# Aim of the task
Only the lines in the entries below from the line with "Lot de 10 certificats" to the line with "MOD-Description: Provides a", both included, belong in the answer, transcribed exactly and without pictures.

# Records drawn from a dataset
☆ ☆ ☆ ☆ ☆ ☆ ☆

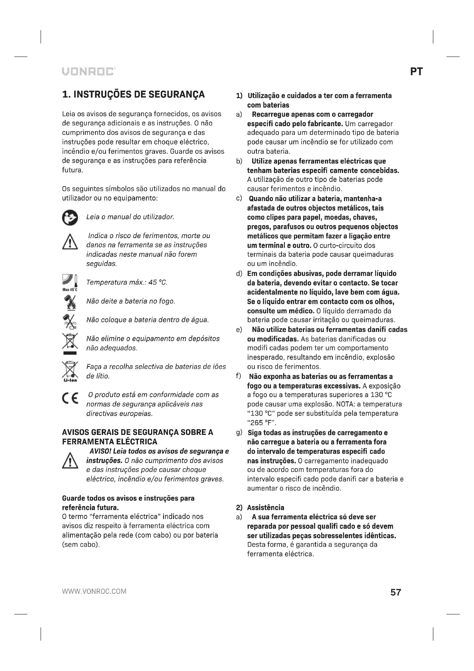 - Se forem utilizadas peças sobresselentes não originais. Isto constitui a única garantia feita pela empresa, de maneira expressa ou implícita. Não existem quaisquer outras garantias expressas ou implícitas que se prolonguem, incluindo as garantias implícitas de comercialização e adequação para fi ns específi cos. A VONROC não será, em nenhuma circunstância, responsável por danos incidentais ou indirectos. Os fornecedores devem estar limitados a reparar ou substituir as unidades ou peças que não estejam em conformidade. O equipamento e o manual do utilizador estão sujeitos a alterações sem aviso prévio. As especifi cações podem ser alteradas sem aviso prévio.
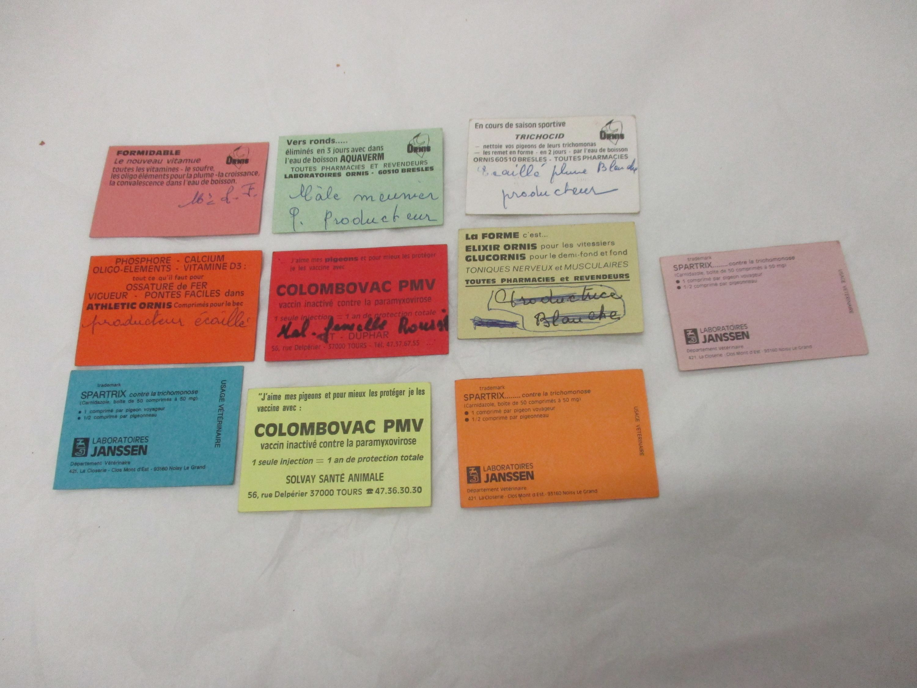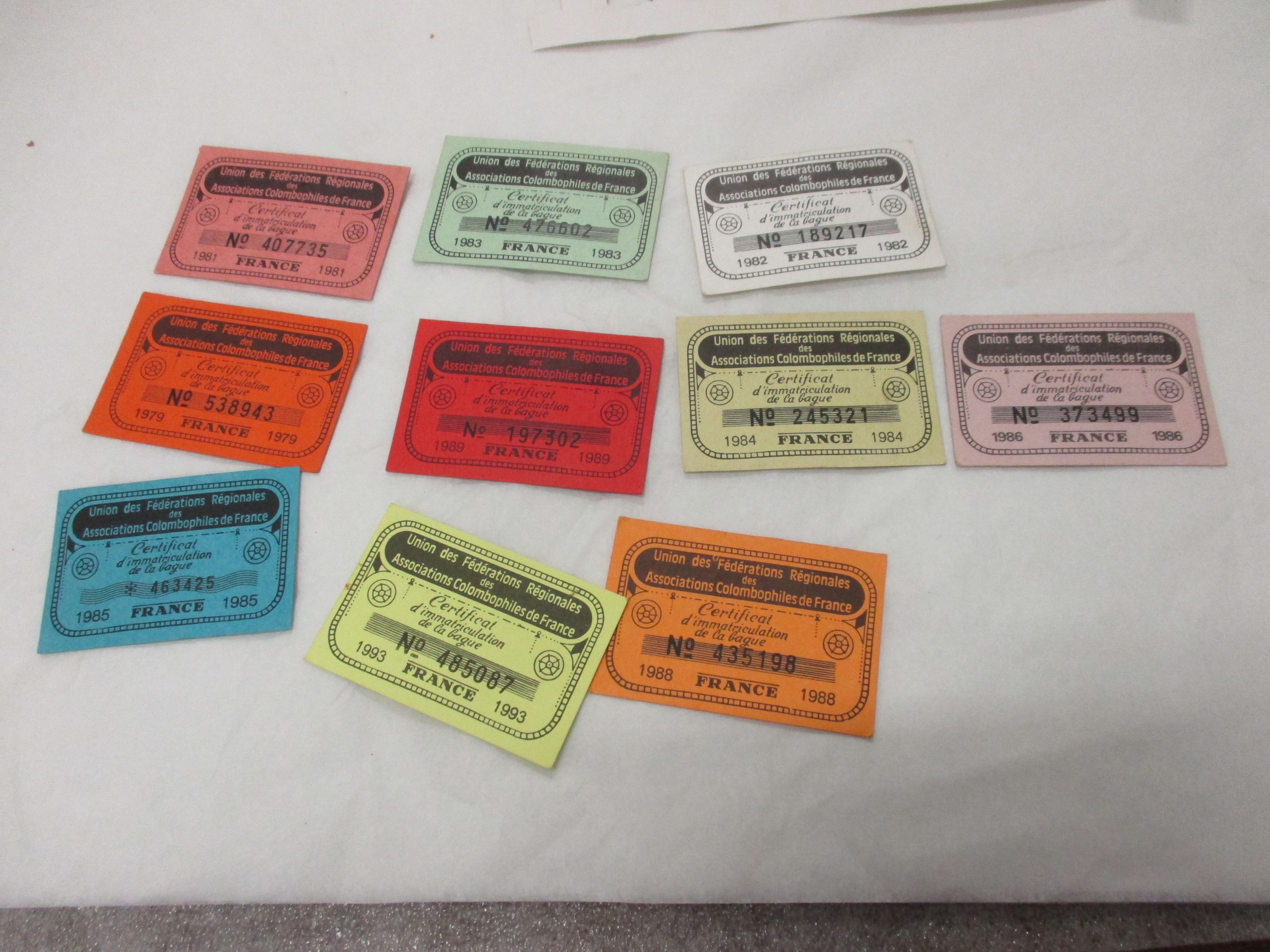Lot de 10 certificats d'immatriculation pour bagues de pigeons voyageurs, de différentes couleurs.
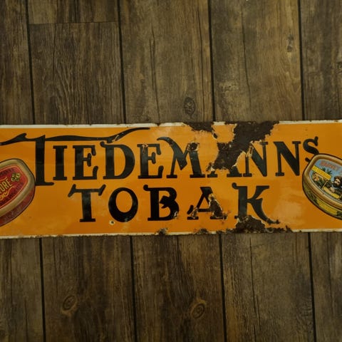 Tiedemanns Skraa emaljeskilt med blå tekst på hvit bakgrunn. Skiltet har noen rustmerker i hjørnene og er rektangulært i formen.
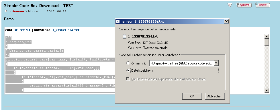 MOD-Description: Provides a txt download link of codebox content after clicking [SELECT ALL]
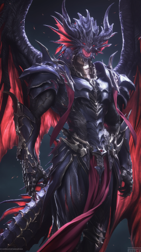 Bahamut from Final Fantasy X, Bahamut is metallic armored dragon, the inside of his wings are red , make it look like a humanoid, bright eyes, The photo is hyper realistic and cinematically hyper detailed,ultra 3d rendering, in the style of unreal engine, hyper rendering, 3D render, 32k uhd, cinematic portrait , best sharpness, ultra realistic, the photo is taken with a Canon Eos r50 --niji 6 --stylize 1000 --style raw --ar 9:16
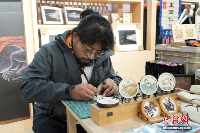10月23日,手工藝人創(chuàng)作特色魚(yú)繪文創(chuàng)。中新社記者 吳君毅 攝
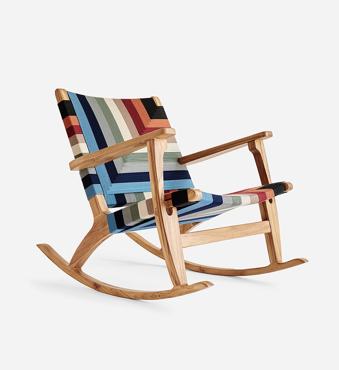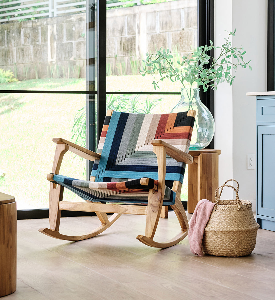 Small but striking, the Casares Lounge Chair is crafted from 100% FSC®-Certified teak wood with a colorful woven cord seat and backrest. An eco-friendly accent for compact spaces.
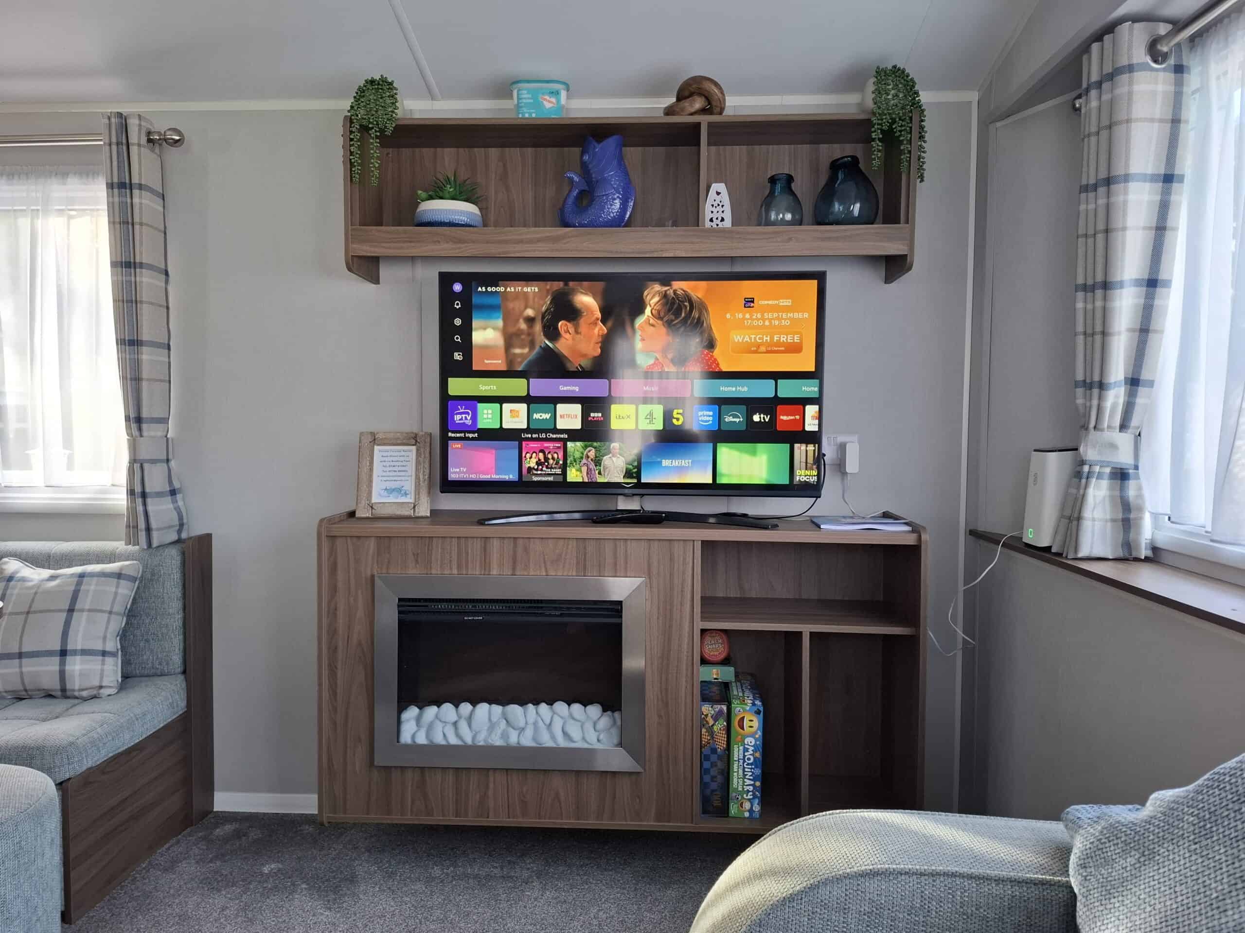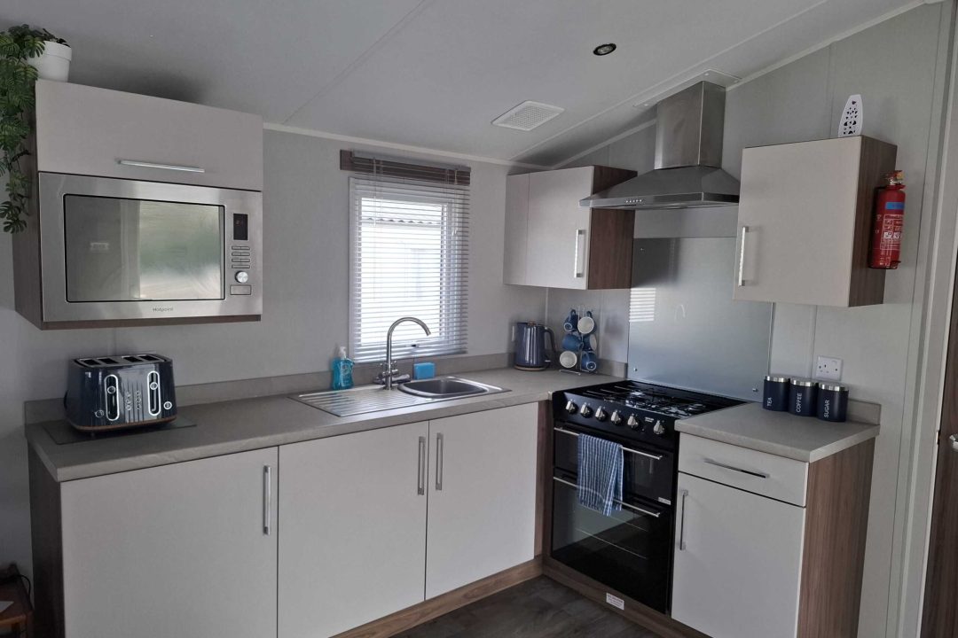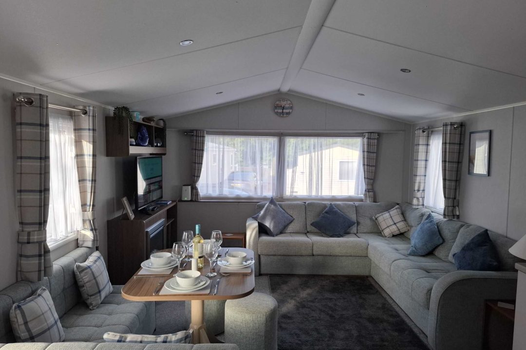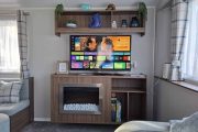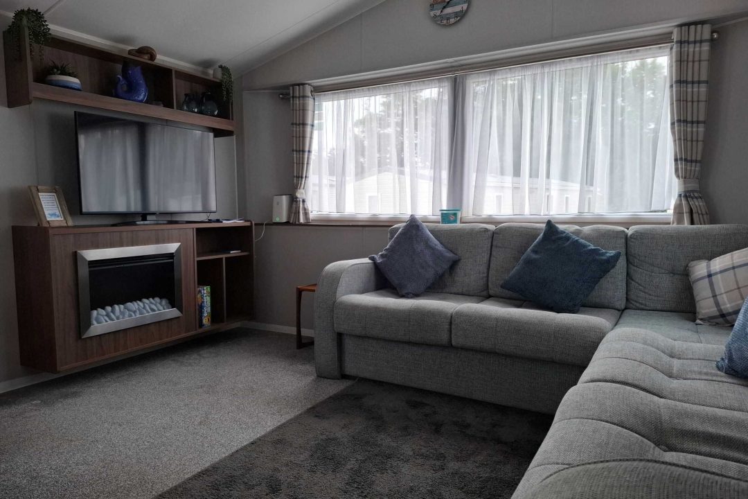 The open plan lounge is bright with a large Conner sofa and a coffee table. There is a 43inch smart flat-screen TV, and electric fire. Gas central heating, one of the corner sofas converts to make an additional double bed.
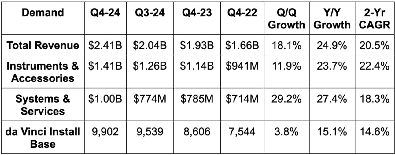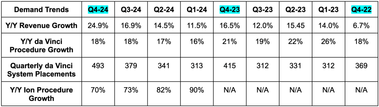 ISRG reiterated the same 2025 guidance that it provided in its preliminary earnings release. It expects 14.5% Y/Y procedure growth for da Vinci vs. about 15% to 16% growth expected by analysts (depending on the source). ISRG is a consistent guidance sandbagger – especially when offering new annual guidance. Systems revenue is expected to rise due to a mix shift away from leased machines to outright purchased machines, while average selling price is also expected to rise Y/Y.

☆ ☆ ☆ ☆ ☆ ☆ ☆

# Response below
Lot de 10 certificats d'immatriculation pour bagues de pigeons voyageurs, de différentes couleurs.
 Tiedemanns Skraa emaljeskilt med blå tekst på hvit bakgrunn. Skiltet har noen rustmerker i hjørnene og er rektangulært i formen.
 MOD-Description: Provides a txt download link of codebox content after clicking [SELECT ALL]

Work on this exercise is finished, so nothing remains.